Вшивость с каждым днем увеличивается, и нас все больше волнует вопрос: как предупредить тиф здесь, в лазарете? С этого начал разговор старший врач Блисков. Зайдя к нам, он устало опустился на табуретку. Отдышавшись, спросил:
— Рассказывайте, как вшей кормите?
— Не кормим, а бьем. — в тон ему отвечает Баранов.
— Ну, это то же самое. Плохо наше дело, в лазарете уже тиф появился. — Вытащил из кармана телогрейки оружейную масленку, высыпал из нее махорку на кусочек бумаги.
Яша кашлянул.
— Оставлю, брат, потерпи. — От глубокой затяжки Блисков закашлялся, его бледное, с желтоватым оттенком лицо стало багровым, мешки под глазами надулись. «При такой астме да еще махорку курит!» — мысленно упрекаю его. Блисков задолго до войны окончил минский институт. Как-то поговорил с ним, вспомнили знакомых профессоров, некоторые из них приезжали в Витебск. Сейчас он сидит, задумчиво уставившись в потемневшие доски стола.
— Вот что, — произносит он наконец, обращаясь к Баранову. — Зайди в первый подъезд и возьми там мыло «К». От наших немного осталось. Скажешь, что я велел. Себе волосы натрете и больных обработаете.
* * *
Михаил Прокопьевич подружился с Щербининым. тоже инженером. Он москвич, ополченец, ранен под Ельней. По небольшой седине на висках можно дать ему лет сорок, но худоба, сутулость, небритое лицо делают его старше. Вошел, опираясь на палку, на одной ноге — ботинок, на другой, перевязанной — рваная калоша. Как обычно, разговор начался с вопросов: кто, откуда, когда и как попал в плен.
— Что делается в Москве, что на фронте? Бомбят Москву? — нетерпеливо расспрашиваем его о самом главном.
Щербинин говорит спокойно, не торопясь.
— Бомбят, но меньше... Невыгодно немцам часто летать на Москву.
Ждем, что еще скажет москвич.
— Сбивают их и зенитки, и истребители наши, — продолжает он. — На аэростатные заграждения натыкаются. А про таран слышали?

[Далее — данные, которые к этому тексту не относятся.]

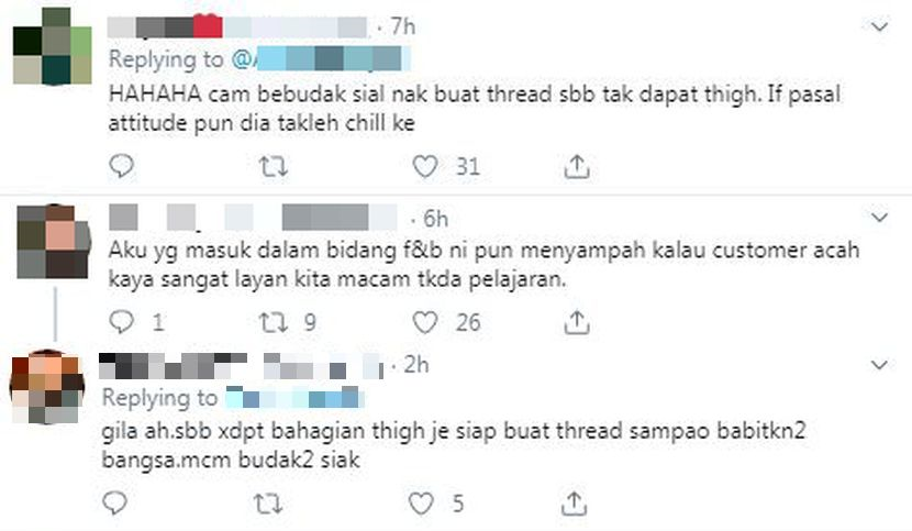 Baru-baru ini, tular satu posting yang dimuat naik oleh seorang lelaki menerusi akaun Twitter miliknya dengan kapsyen, 'Ni aku nak cerita, kedai Melayu jual nasi ayam. Aku nak bahagian thigh (atas paha), dia boleh cakap tak ada. Yang lagi tiga ekor ayam tergantung tu apa benda?! Kau malas nak potong baru, lepas tu kedai tak laku cakap kena bomohlah, ni semua salah Yahudilah, Melayu tak tolong Melayulah'.

Ловим каждое слово инженера. Раненый, был месяц в окружении, попал в плен. А не сомневается в том, что немцев прогонят.
После ухода москвича хвалим Баранова: «Хорошего дружка вы нашли!»

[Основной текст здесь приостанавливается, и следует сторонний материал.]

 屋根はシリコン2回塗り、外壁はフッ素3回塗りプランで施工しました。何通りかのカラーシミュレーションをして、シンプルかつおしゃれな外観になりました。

Зима в этом году ранняя, крепкая. Сегодня только седьмое ноября, а мороз градусов под двадцать.
— Холодно! — пожаловался Максимов, ни к кому не обращаясь. Он вздохнул, и в воздухе повисла полоса тумана. — Лед-то заволок стекла.

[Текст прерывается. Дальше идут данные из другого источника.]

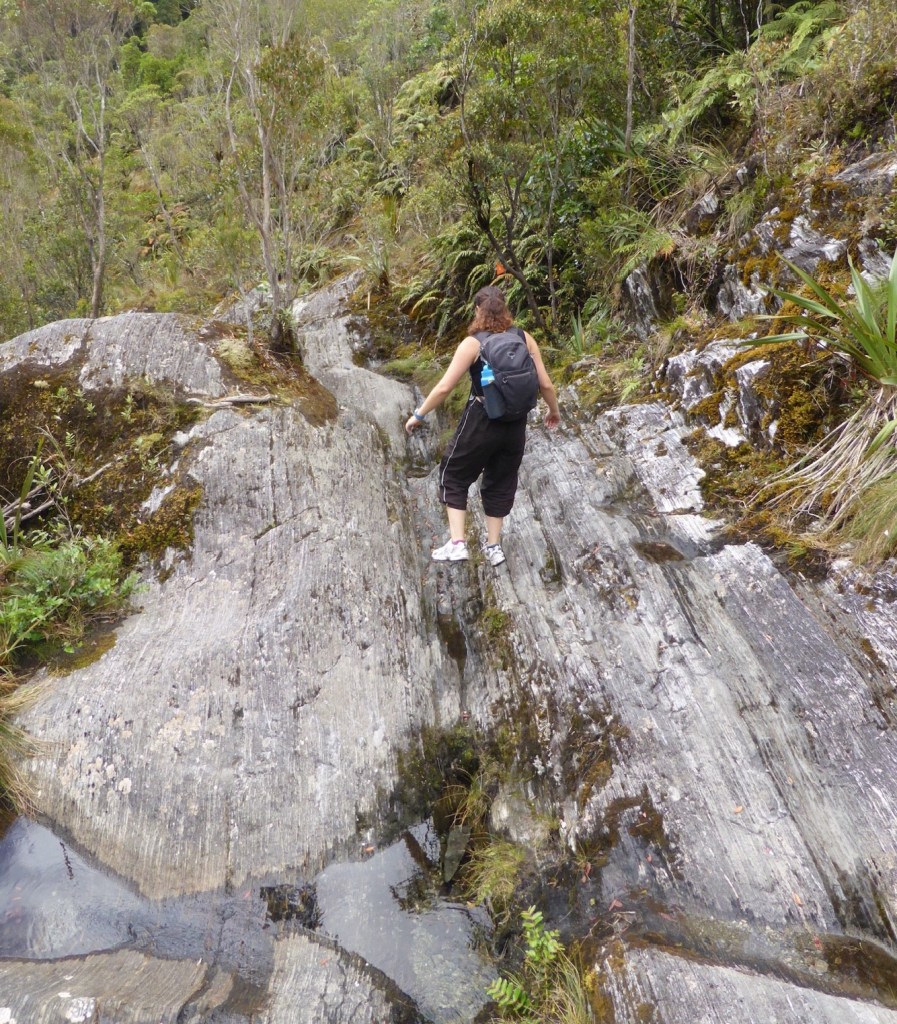 At the end of this kilometre there are multiple stream crossings which are very slippery, so it is worth taking it slow and watching your step.

— У нас, на Урале, в таких случаях говорят: наша горница с богом не спорщица, на дворе тепло — и у нас тепло, на дворе холодно — и у нас холодно.
— Хитро? у вас говорят, Михаил, — вяло возражает Максимов.
— Не-е, дорогой, мы не хитрые, мы шутку любим. — Баранов широко улыбается, черная повязка на глазу почти не портит его лица.
Яша долго кашляет. Затем, кутаясь в шинель, проговорил:
— Праздник сегодня, надо отметить. Только как?
— Вот именно — как?! Ни еды, ни выпивки... — Максимов закрыл глаза, на худом лице напряглись скулы.
— Будем живы — не помрем. Выпьем еще когда-нибудь. А праздник есть праздник.
— Такой день отметим! Наплевать, что за проволокой, — поддерживает Михаил Прокопьевич.
Больные лежат скрючившись под рваньем, надвинув на голову пилотки, буденовки или ушанки, — у кого что есть. Желто-золотистые лучи солнца, освещая морозные узоры на окнах, не радуют. Кажется, солнце для того только и выглянула из-за облаков, чтобы придать морозу и блеск, и царственную силу. Пол по обыкновению сырой, он не высыхает в холодном помещении. Однажды я заговорил об этом со старшим врачом, попросил, чтобы разрешили мыть только один раз, утром.
Блисков безнадежно махнул рукой:
— Я уже несколько раз просил об этом «Чисто-чисто». Он и слышать не хочет. Кричит, трясет кулаком.